Enjoyed seeing the before and now pics. Good work.


----------



## Neosea (Jun 22, 2008)

Excellent post, thanks for the before and after perspective it really gives a sence of history


----------



## smileysal (Jun 23, 2008)

I do like this, love seeing the old pics and comparing with the new. Such a shame its blocked up, but great that the building is still standing. Agree with Foxy, love seeing the platforms and steps in the trees.

Nice find,

 Sal


----------



## spacepunk (Jun 24, 2008)

A great report there SC.
Keep up the good work.


----------



## sqwasher (Jun 24, 2008)

Very interesting-the then & now pics are fab!


----------



## Silhouette (Jun 24, 2008)

Enjoyed those - thanks for posting 


.


----------



## Random (Jun 24, 2008)

Got to love the before and after pics, nice one


----------



## spacepunk (Oct 19, 2008)

Here's another 'before' pic I found for you SC.


----------



## cardiffrail (Oct 19, 2008)

Great report. What an unusualdesign of station too. Glad it is still there, in a recognisable state.


----------



## Smellycat (Oct 19, 2008)

thanks SP. Thats a great photo.
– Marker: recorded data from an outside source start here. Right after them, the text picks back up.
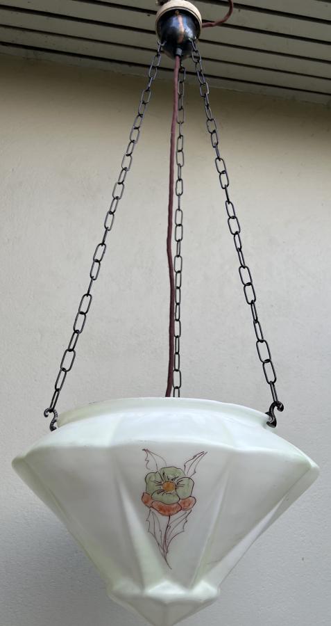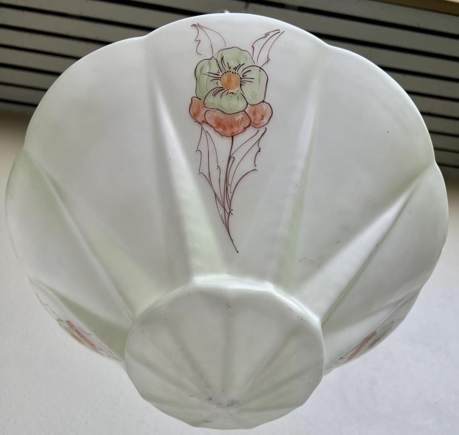 A large 1930's Deco moulded white/green ceiling light shade with hand applied painted decoration.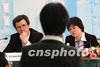 APEC貿易投資委員會執行主席GERMAN KING(左),十七日在上海國際新聞中心召開新聞發布會,他在回答中外記者提問時說,貿易和投資自由化的推動將有利于減弱恐怖活動對世界經濟的不良影響。中新社記者 王瑤 攝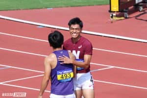 疲労がある中でやりたい動きはできました。ですが、1位と同時に目標として大前祐介監督(平17人卒=東京・本郷) の20秒29(早大記録)を目指していたので、それをこの舞台で出せなかった悔しさはあります。ただ全カレの金メダルはずっと取れていなかったので、うれしいです。

It would be great to actually get inside the building to see if there's anything still in there.


----------



## spacepunk (Oct 19, 2008)

Had a nosey last time I passed and there was only an old jeep and some pigeons panicing about.


----------



## spacepunk (Feb 19, 2009)

Found this for you SC.


----------



## Trinpaul (Feb 19, 2009)

Very nice. I like the remnants of the rail tracks in the woods. Thanks for the "then and now" comparison


----------



## Smellycat (Feb 26, 2009)

here's another old photo of the disused railway which is now part of a housing estate in dundee. I'll need to go and track the exact location down and see what it looks like now.


----------



## fire*fly (Feb 26, 2009)

I love seeing the photos from the past & present, very interesting thank you


----------